Combination of Transformed-means Clustering and Neural Networks for Short-Term Solar Radiation Forecasting.

In order to provide an efficient conversion and utilization of solar power, solar radiation data should be measured continuously and accurately over the long-term period. However, the measurement of solar radiation is not available to all countries in the world due to some technical and fiscal limitations. Hence, several studies were proposed in the literature to find mathematical and physical models to estimate and forecast the amount of solar radiation such as stochastic prediction models based on time series methods. This paper proposes a hybridization framework, considering clustering, pre-processing, and training steps for shortterm solar radiation forecasting. The proposed method is a combination of a novel data clustering method, time-series analysis, and multilayer perceptron neural network (MLPNN).

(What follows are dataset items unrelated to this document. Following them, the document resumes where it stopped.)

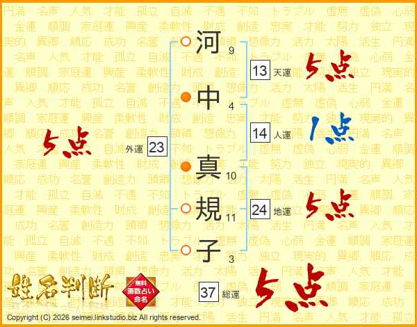 河(9画)中(4画) 真(10画)規(11画)子(3画)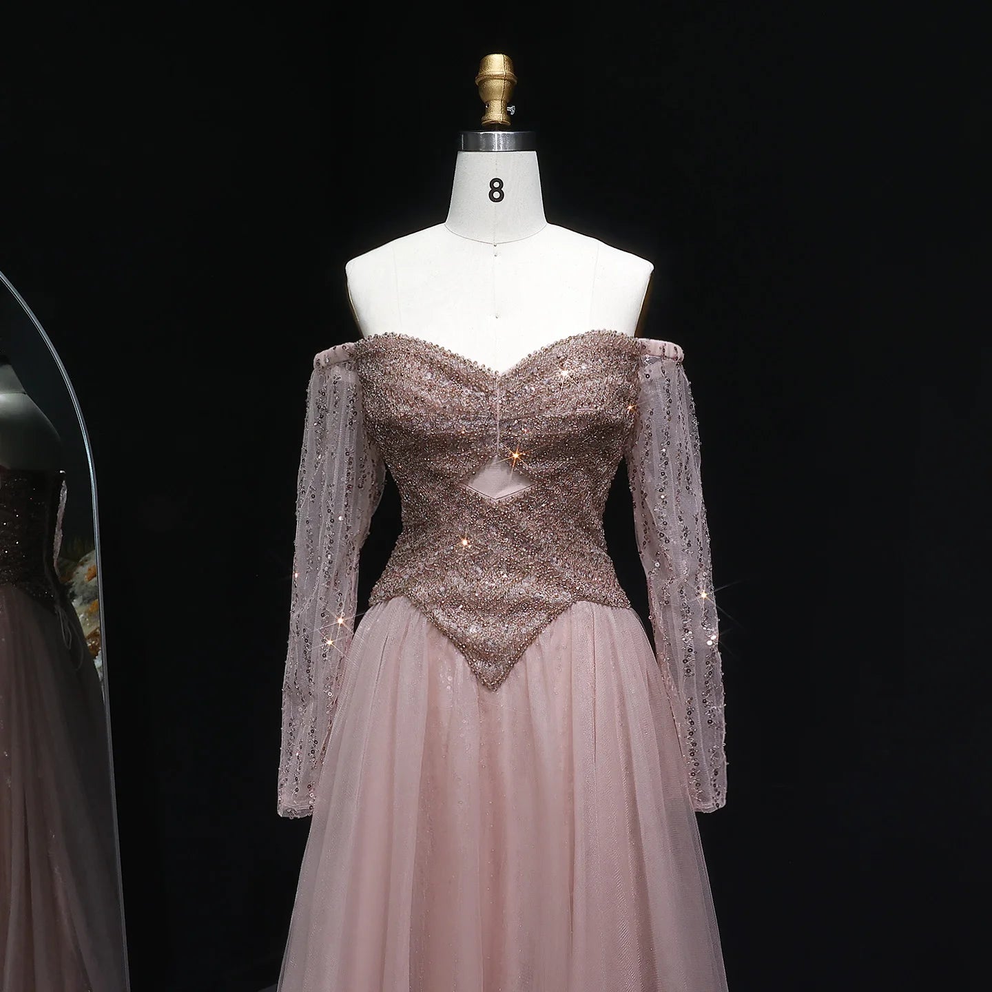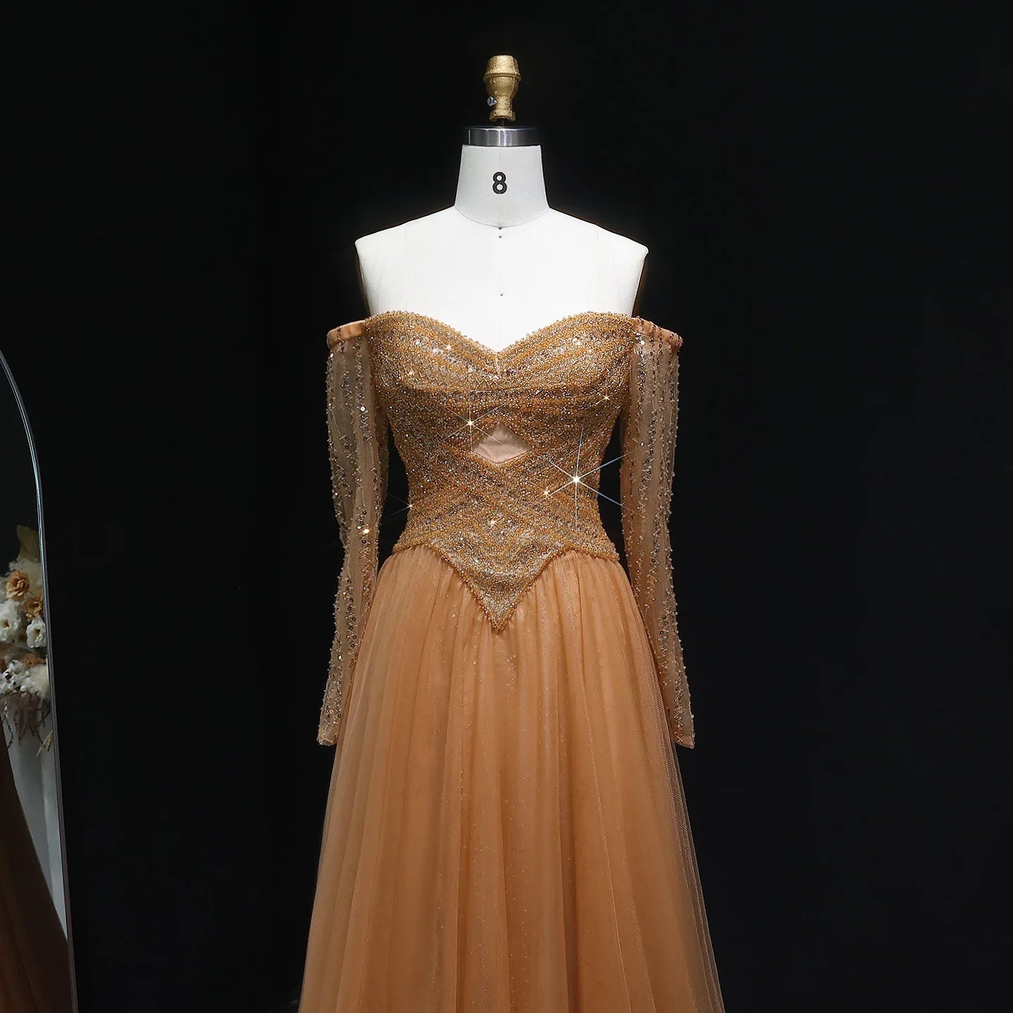 Elegant Champagne Off Shoulder Evening Gown with Arabic Style SS116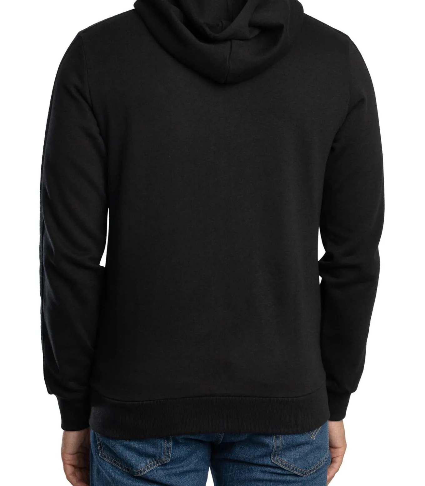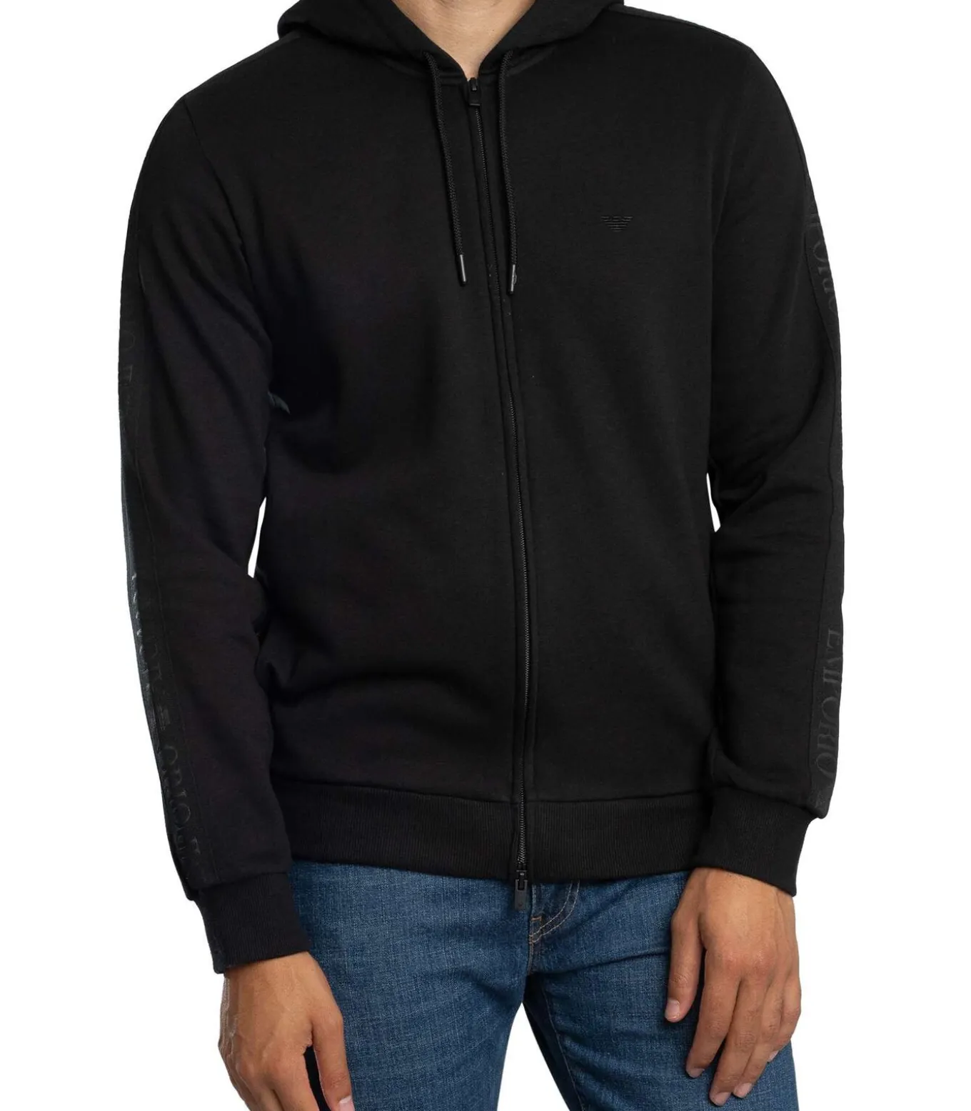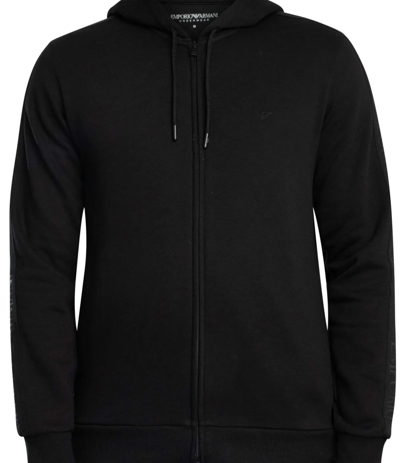De Emporio Armani Lounge Felpa Zip Hoodie in zwart combineert premium comfort met een strak, modern design. Het geborduurde logo voegt een kenmerkende branding toe aan de borst, terwijl de branding op de mouwen de algehele esthetiek versterkt. Elastische manchetten en zoom zorgen voor een nauwsluitende, veilige pasvorm, terwijl de capuchon met trekkoord zorgt voor een verstelbare bedekking. Open zakken bieden praktische opbergruimte, waardoor deze hoodie ideaal is voor casual gebruik of als laagjes.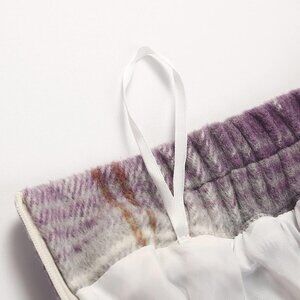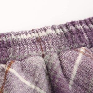Womens Long Pure PurpleElastic Waist A-Line Pleated Tartan Long Plaid Wool Skirt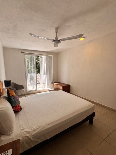 2 aires acondicionados en las recamaras y ventiladores de techo.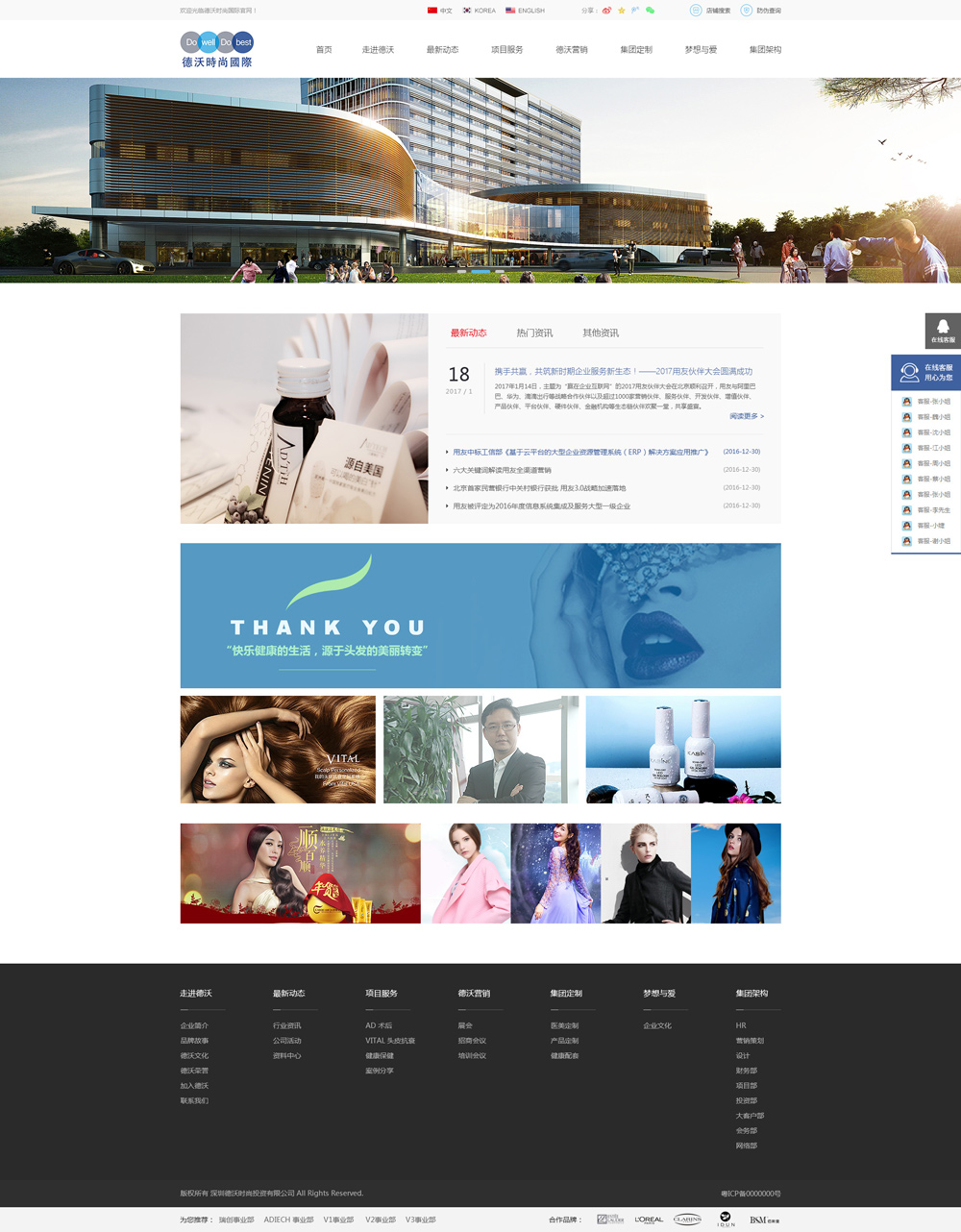 德沃公司通過海外綜合平臺資源整合,不斷加強與各美容運營機構的聯合導入超前管理、運營及贏利模式,立足中國美容市場現狀,通過獨特產品、項目、卓越團隊、完善訓練、有效市場策劃與全方位售后服務理念等,幫助美容機構不斷成長發展。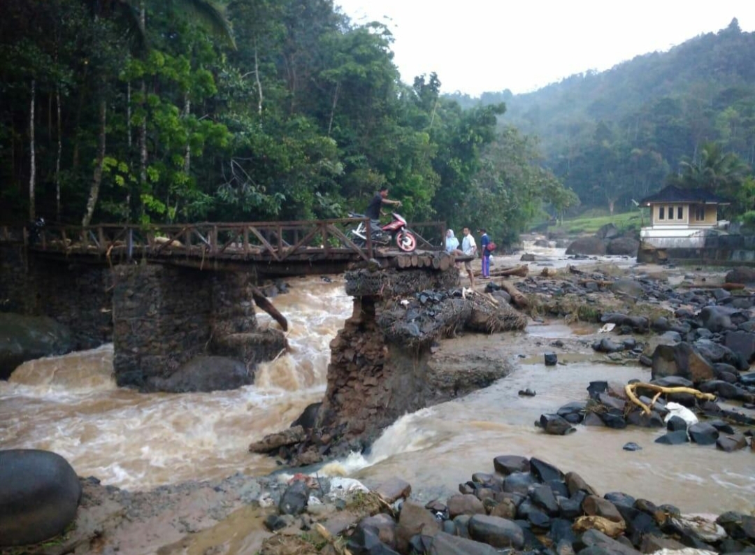 Tingginya intensitas curah hujan yang terjadi di wilayah Kecamatan Cibeber Kamis malam (03/9/2020) mulai jam 16.00 wib sampai jam 22.00 wib, Telah menghancurkan 2 (dua) jembatan penghubung antar desa Cisungsang dengan desa Situmulya dan Kujangsari.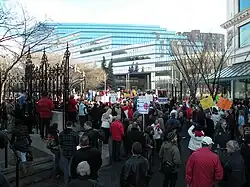 Montreal's theatre district ("Quartier des Spectacles") is the scene of performances that are mainly French-language, although the city also boasts a lively anglophone theatre scene, such as the Centaur Theatre.[164] Large French theatres in the city include Théâtre Saint-Denis and Théâtre du Nouveau Monde.[165]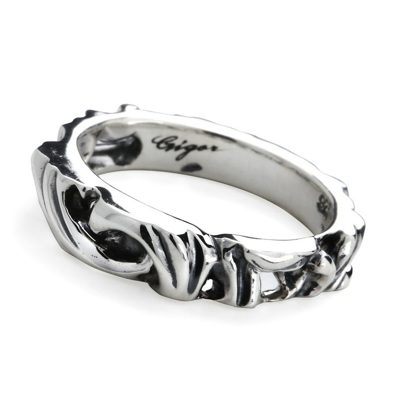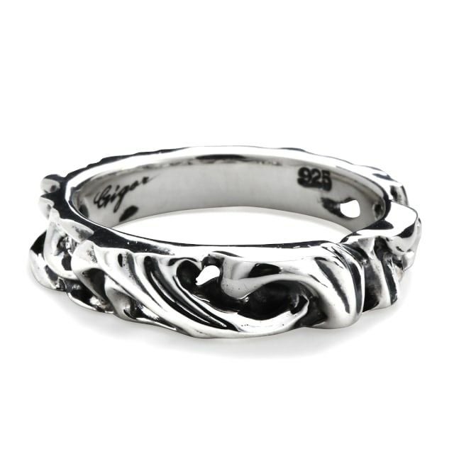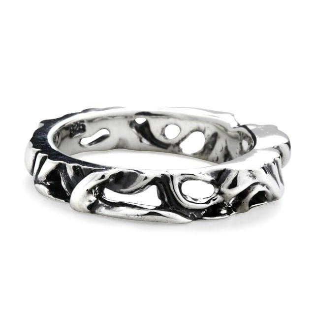 透かしレリーフの断面を鏡面出しを行う事により、上品に表現されたリング。
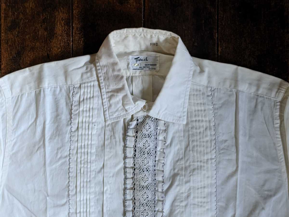 > アンティーク ★ 装飾 ドレス シャツ 正装 ビンテージ ワーク ボックス オフィサー クレリック ハワイアン ボーリング ミリタリー ボタン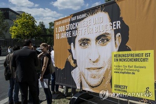 바다위는 이슬람교 예언자 모하마드와 고위 성직자를 조롱하는 웹사이트를 만들어 이슬람을 배교했다는 혐의로 기소돼 지난해 5월 태형 1천대와 징역 10년, 100만 사우디리얄(약 3억원)의 벌금형을 받았다.

The proposed Transformed- Means clustering method is based on inverse data transformation and K-means algorithm that presents more accurate clustering results when compared to the K-Means algorithm; its improved version and also other popular clustering algorithms. The performance of the proposed Transformed-Means is evaluated using several types of datasets and compared with different variants of K-means algorithm. The proposed method clusters the input solar radiation time-series data into an appropriate number of sub-datasets which are then preprocessed by the time-series analysis. The preprocessed time-series data provide the input for the training stage where MLPNN is used to forecast the solar radiation. Solar time-series data with different solar radiation characteristics are also used to determine the accuracy and the processing speed of the developed forecasting method with the proposed Transformed-Means and other clustering techniques.